START Input material

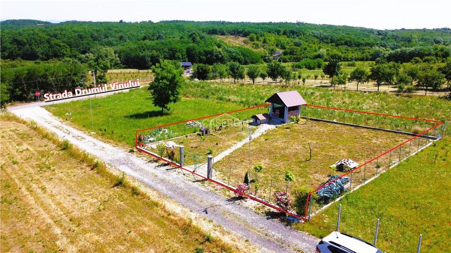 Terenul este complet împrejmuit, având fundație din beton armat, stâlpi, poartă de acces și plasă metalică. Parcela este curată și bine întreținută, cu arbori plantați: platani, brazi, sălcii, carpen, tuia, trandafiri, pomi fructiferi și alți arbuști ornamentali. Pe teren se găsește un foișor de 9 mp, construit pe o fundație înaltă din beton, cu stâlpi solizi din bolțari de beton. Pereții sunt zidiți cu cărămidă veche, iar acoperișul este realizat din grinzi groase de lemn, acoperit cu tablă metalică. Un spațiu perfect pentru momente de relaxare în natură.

END Input material
START Input material

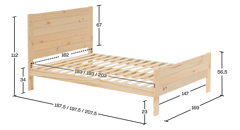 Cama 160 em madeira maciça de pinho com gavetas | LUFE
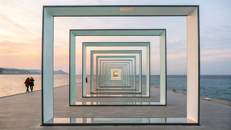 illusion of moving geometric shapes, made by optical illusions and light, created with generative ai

END Input material
START Input material

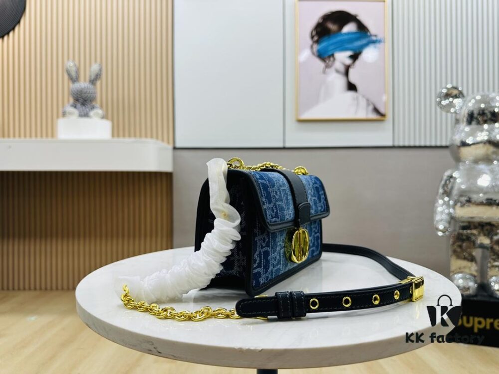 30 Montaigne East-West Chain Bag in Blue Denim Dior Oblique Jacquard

END Input material

Exercise aim: Using the data above, return the lines from the one holding "Cama 160 em" through the one holding "illusion of moving" exactly, but not the pictures.

Written solution:
 Cama 160 em madeira maciça de pinho com gavetas | LUFE
 illusion of moving geometric shapes, made by optical illusions and light, created with generative ai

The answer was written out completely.